Безак угадал! Это действительно были Базалик и Чабан. Каждый из них своим путем вернулся из России и делал во время восстания свое дело. Я не был при этой встрече, но представляю, как они обнялись! Сами понимаете: старые соратники… Сходки, стачки, конференции… Младшего из них, с бородой, Безак не знал, но, увидев, что парень с головой и занимается научными вопросами, приказал поселить его в надежном месте, где бы человек этот мог писать свои книжки до тех времен, пока его не оторвет от этого дела новая канонада.
Декабрь — такое время, когда люди собираются на посиделки и женщины занимаются своим рукоделием. Этот обычай испокон веков имел практические корни, а тем более во время войны, когда керосина мало, а Кавказ завоевать нам так и не удалось. Так что у одной лампы сходилось чуть ли не полдеревни.
В тот вечер, когда Сигальчик с Лищаком вели в деревню трех дорогих гостей, хата Стрменя была битком набита. У меня тогда было дело в деревне — я подыскивал возчиков. И хотя знал я, что у Стрменя остался всего один вол, а о лошадях он до сих пор только мечтает, и возчиком, следовательно, быть не может, все равно заглянул к нему на минутку — надо же рассеяться малость.
О женщинах, прявших пряжу, ничего не скажу, а вот девушки за прялками просто не знали, — сучить нитки или поглядывать на парней. А один из них уже затеял озорство: смастерил подобие кропила и, намочив кончик его в воде, подошел к одной из девушек и затянул:
И пошла игра в хохотушки! Которая сумела сдержаться, не захохотала — хорошо, а которая засмеется, той — хлесть, хлесть! — брызнет кропилом в лицо, по плечу… Ах, как веселилась молодежь! Сколько смеху, визгу!
В самый разгар в сенях скрипнула дверь. Стрмень вышел, поговорил с кем-то и, вернувшись, позвал меня в чулан. Там Лищак представил мне человека, у которого мягкая прядка волос спускалась на высокий лоб.
— Принимай гостя, — сказал Лищак. — По приказу свыше ты должен охранять его. Он пойдет в новую землянку.
Меня, естественно, мучило любопытство, ужасно хотелось узнать, с кем имею честь — ведь по тому, что сказал Лищак насчет приказа свыше, я понял, не простой это человек…
А тот сразу догадался, что делается в моей душе, и сказал мне в утешение:
— В жизни у меня были тысячи фальшивых имен. Теперь, если хочешь, зови меня Дубильщиком. Немцам шкуру дубить помогаю… Ты доволен?
«Да, то птица высокого полета, — подумал я. — И шутить умеет, а попробуй раскуси его!»
С тем большей охотой помог я ему натянуть штаны и старую рубаху Стрменя.
Ну и вид! Когда он еще нахлобучил на голову старую шляпу — совсем стал похож на пугало огородное!
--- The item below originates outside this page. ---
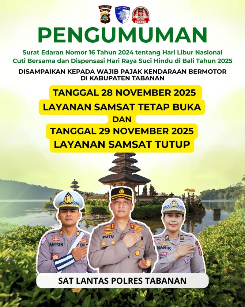 Tabanan – Pada hari jumat tanggal 28 november 2025 tetap buka bertepatan hari raya kuningan bagi umat hindu samsat tabanan libur dalam memberikan pelayanan bagi masyarakat

А тут как раз прибежал в чулан маленький Мишко, мой речной браконьер, этот образцовый ребенок, прославившийся на всю деревню. Протер он сонные глазенки и, увидев дядьку, который сильно смахивал на какого-нибудь бродягу, схватил отца за руку и ахнул:
— Ай, Йожко Кациак!
Да так и застыл с открытым ртом.
— Кто это — Йожко Кациак? — спросил наш гость.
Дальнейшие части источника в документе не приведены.